Clearly, the networks are uninterested in the newest versions of Android. Why? We've just reported that Google will co-brand a tablet and sell it direct, probably for the same reasons it co-branded the Galaxy Nexus with Samsung, but tablets aren't really the same thing. People buy a lot of iPads with 3G and 4G in them, but the vast majority of data traffic on tablets occurs over Wi-Fi, and people don't buy tablets from network providers the way they do phones.
And those network carriers are having no trouble at all selling Android phones running version 2.3, a.k.a. Gingerbread. Why should they make things complicated for themselves by moving up to 4.0 when they're getting all the market share they can handle with the old stuff? Consider the Samsung Galaxy Note available from AT&T for the same crazy pricing as the Galaxy Nexus. I played with this phone at CES in January and it's just gorgeous.
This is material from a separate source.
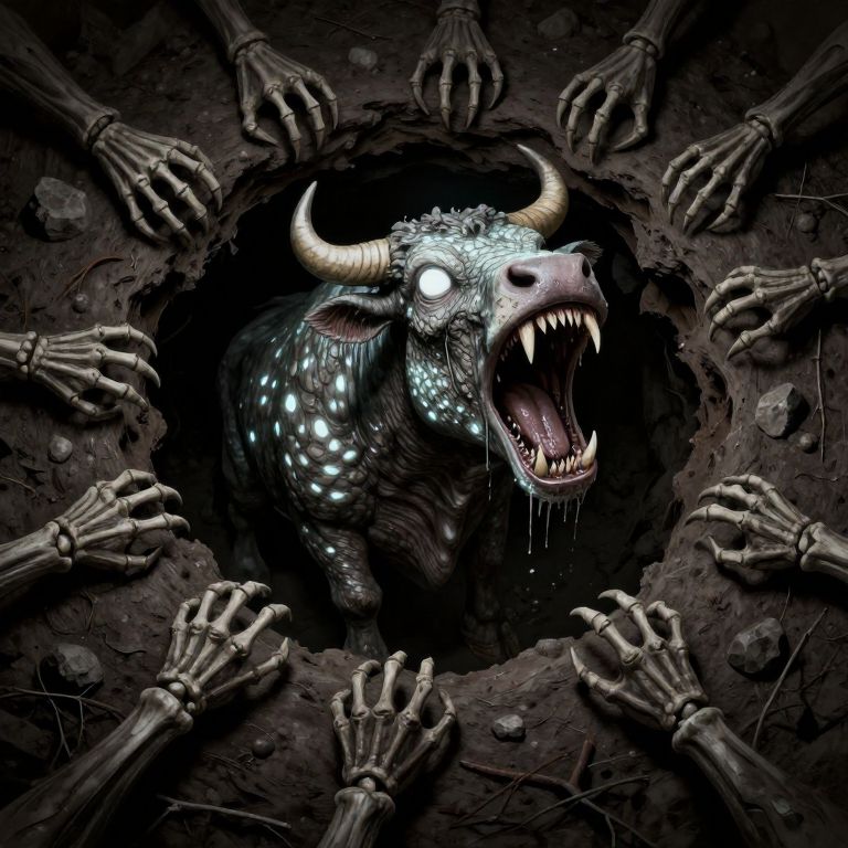 A dark, digital illustration depicts a monstrous, glowing-blue bull with sharp horns and glowing white eyes, roaring with its mouth open, revealing sharp teeth. The bull's fur is dark with glowing spots. It emerges from a circular, black, dirt-covered hole, surrounded by multiple skeletal hands reaching towards it from the ground. The background is dark and gritty, emphasizing the eerie, supernatural atmosphere. The bull's texture is rough and detailed, contrasting with the smooth, skeletal hands. The scene is intense and terrifying, with a horror fantasy style.

The screen is immense, to the point where it's almost a tablet as well, and it would genuinely benefit from the more tablet-oriented Android 4.0. But it's shipping with Gingerbread.
In fact, when you look at the new features in Ice Cream Sandwich they're pretty cool, but they're all good for the user, not the provider. Looking at it in the most cynical light, there's nothing I see in there that creates new revenue opportunities for Verizon or AT&T.
This is why Google needs to do something to make it worthwhile to the network carriers to move to newer versions of Android. It's not going to happen until Verizon, AT&T, Sprint, and T-Mobile find it in their interest.
There is another possible explanation: It might be that Ice Cream Sandwich is so new it hasn't made it through the test-and-approval cycles at the carriers. I'm a little skeptical of this, but it's possible.
What do you think Google and the carriers should do--if anything? Maybe they should do nothing and Gingerbread is fine.